#### WORK TO COMPLETE
Every entry is to be transcribed as it stands. Images stay out.

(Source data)
■ ■ ■
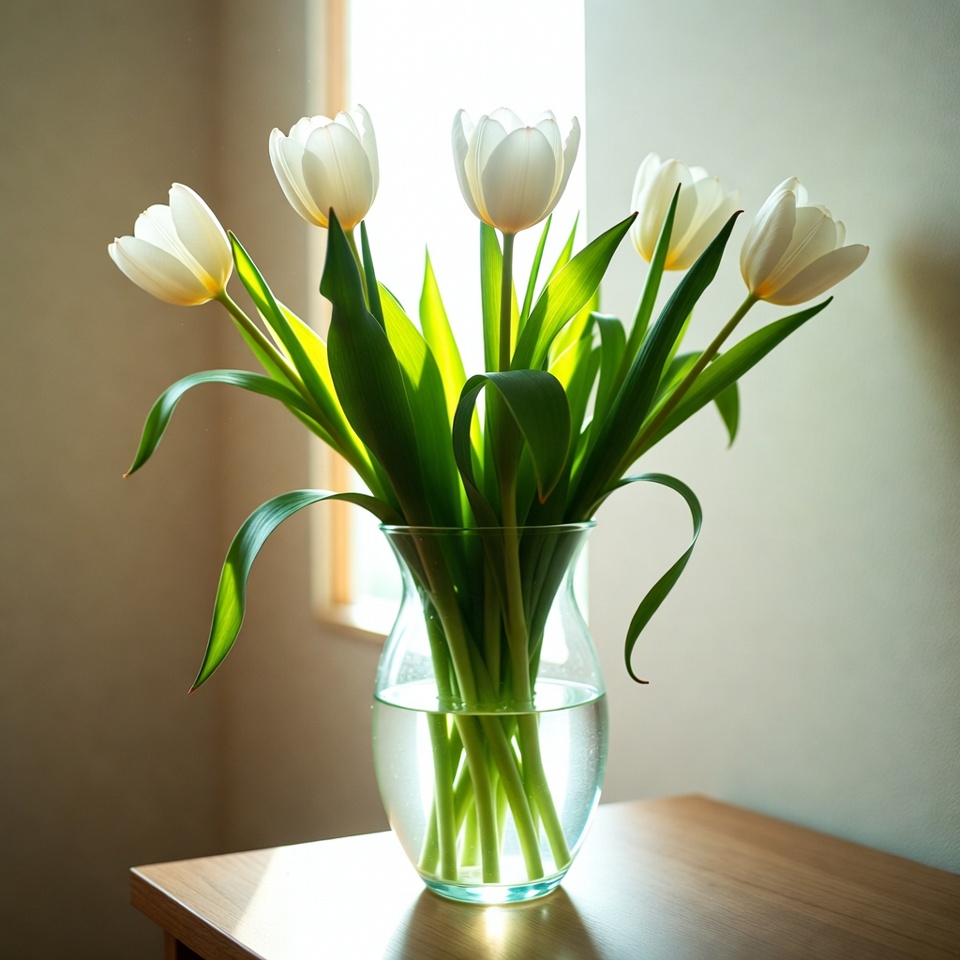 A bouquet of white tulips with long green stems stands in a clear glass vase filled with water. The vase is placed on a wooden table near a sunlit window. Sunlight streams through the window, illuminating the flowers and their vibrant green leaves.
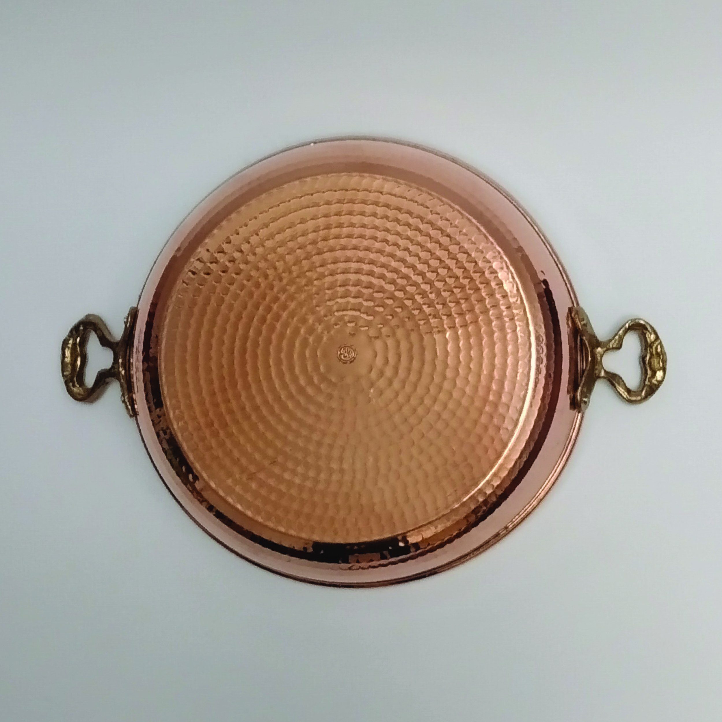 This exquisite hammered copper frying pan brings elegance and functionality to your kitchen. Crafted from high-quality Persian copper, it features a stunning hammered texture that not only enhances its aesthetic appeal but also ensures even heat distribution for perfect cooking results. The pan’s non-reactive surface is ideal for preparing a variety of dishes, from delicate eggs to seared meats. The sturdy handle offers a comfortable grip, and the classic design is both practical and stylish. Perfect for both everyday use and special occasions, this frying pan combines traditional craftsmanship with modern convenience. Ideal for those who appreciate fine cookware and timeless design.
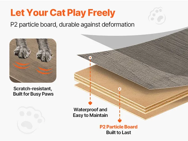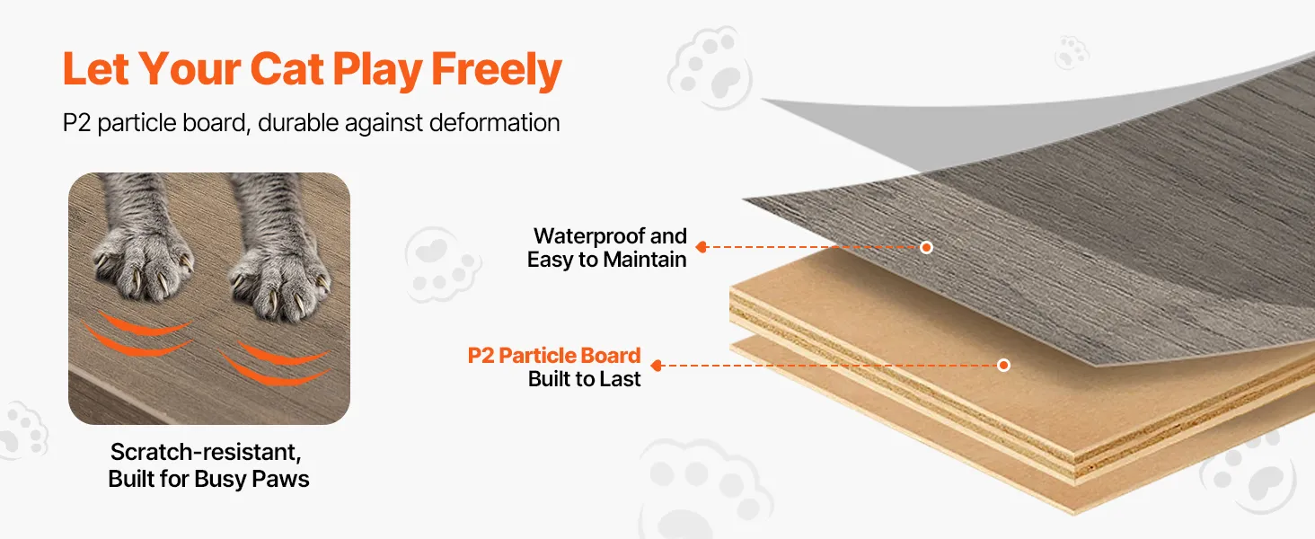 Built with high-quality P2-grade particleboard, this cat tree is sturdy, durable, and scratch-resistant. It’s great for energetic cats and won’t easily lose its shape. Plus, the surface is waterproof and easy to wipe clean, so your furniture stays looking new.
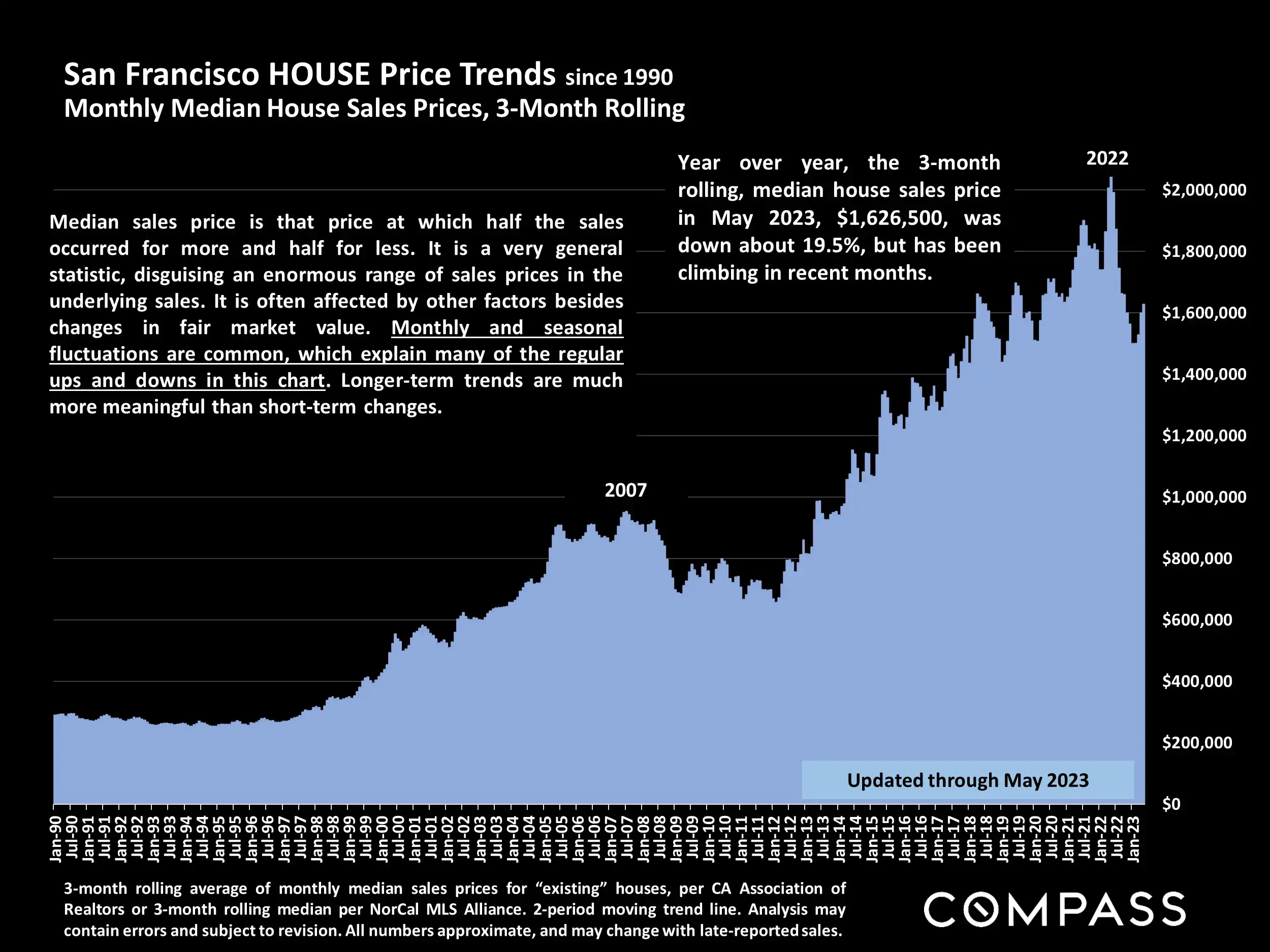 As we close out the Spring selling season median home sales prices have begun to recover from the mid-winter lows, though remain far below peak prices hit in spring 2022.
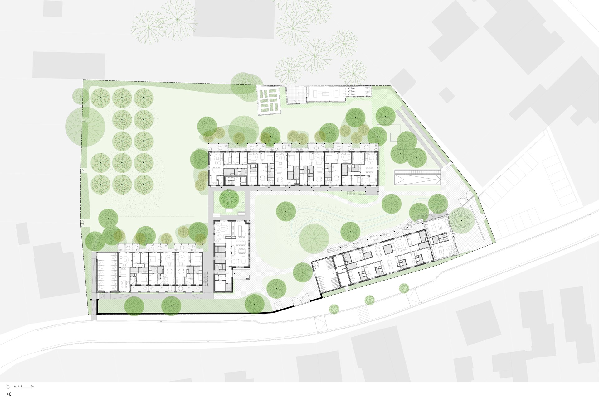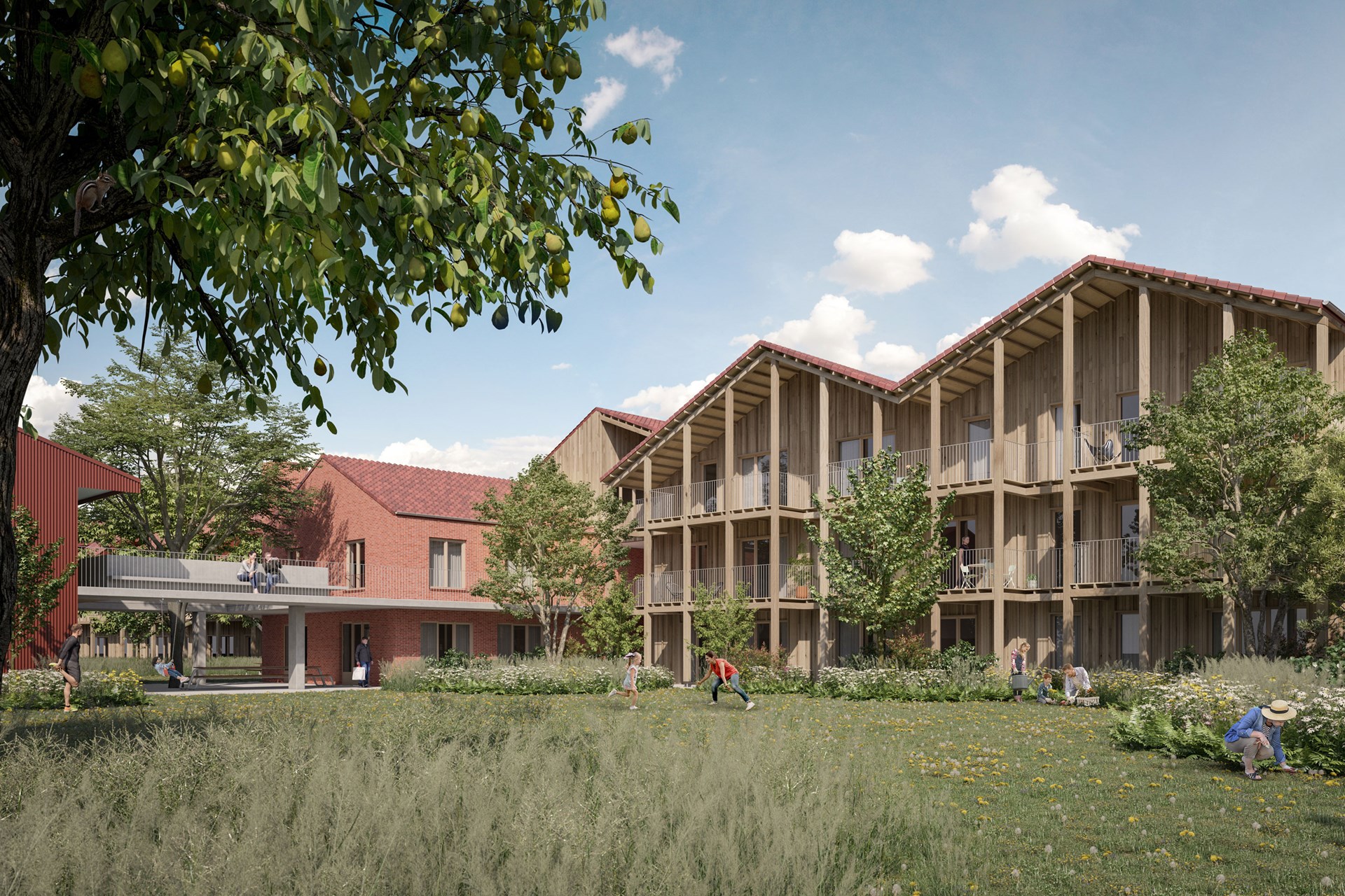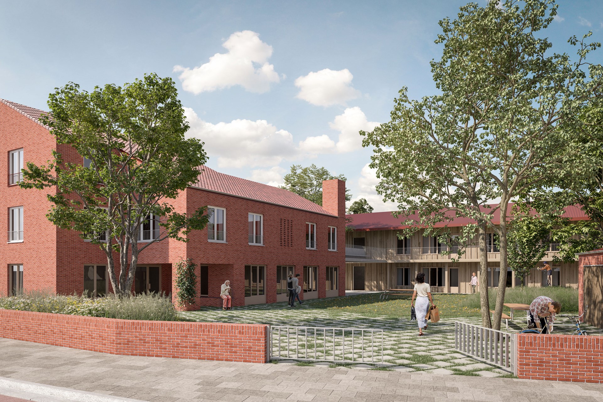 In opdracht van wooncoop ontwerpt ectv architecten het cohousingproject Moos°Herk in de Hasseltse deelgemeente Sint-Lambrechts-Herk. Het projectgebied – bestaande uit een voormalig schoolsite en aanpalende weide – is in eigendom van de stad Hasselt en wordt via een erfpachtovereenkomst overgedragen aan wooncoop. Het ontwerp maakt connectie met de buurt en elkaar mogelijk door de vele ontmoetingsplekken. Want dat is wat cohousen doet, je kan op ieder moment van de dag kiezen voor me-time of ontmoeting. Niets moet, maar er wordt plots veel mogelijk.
■ ■ ■
#### EXERCISE ANSWER
 A bouquet of white tulips with long green stems stands in a clear glass vase filled with water. The vase is placed on a wooden table near a sunlit window. Sunlight streams through the window, illuminating the flowers and their vibrant green leaves.
 This exquisite hammered copper frying pan brings elegance and functionality to your kitchen. Crafted from high-quality Persian copper, it features a stunning hammered texture that not only enhances its aesthetic appeal but also ensures even heat distribution for perfect cooking results. The pan’s non-reactive surface is ideal for preparing a variety of dishes, from delicate eggs to seared meats. The sturdy handle offers a comfortable grip, and the classic design is both practical and stylish. Perfect for both everyday use and special occasions, this frying pan combines traditional craftsmanship with modern convenience. Ideal for those who appreciate fine cookware and timeless design.
 Built with high-quality P2-grade particleboard, this cat tree is sturdy, durable, and scratch-resistant. It’s great for energetic cats and won’t easily lose its shape. Plus, the surface is waterproof and easy to wipe clean, so your furniture stays looking new.
 As we close out the Spring selling season median home sales prices have begun to recover from the mid-winter lows, though remain far below peak prices hit in spring 2022.
 In opdracht van wooncoop ontwerpt ectv architecten het cohousingproject Moos°Herk in de Hasseltse deelgemeente Sint-Lambrechts-Herk. Het projectgebied – bestaande uit een voormalig schoolsite en aanpalende weide – is in eigendom van de stad Hasselt en wordt via een erfpachtovereenkomst overgedragen aan wooncoop. Het ontwerp maakt connectie met de buurt en elkaar mogelijk door de vele ontmoetingsplekken. Want dat is wat cohousen doet, je kan op ieder moment van de dag kiezen voor me-time of ontmoeting. Niets moet, maar er wordt plots veel mogelijk.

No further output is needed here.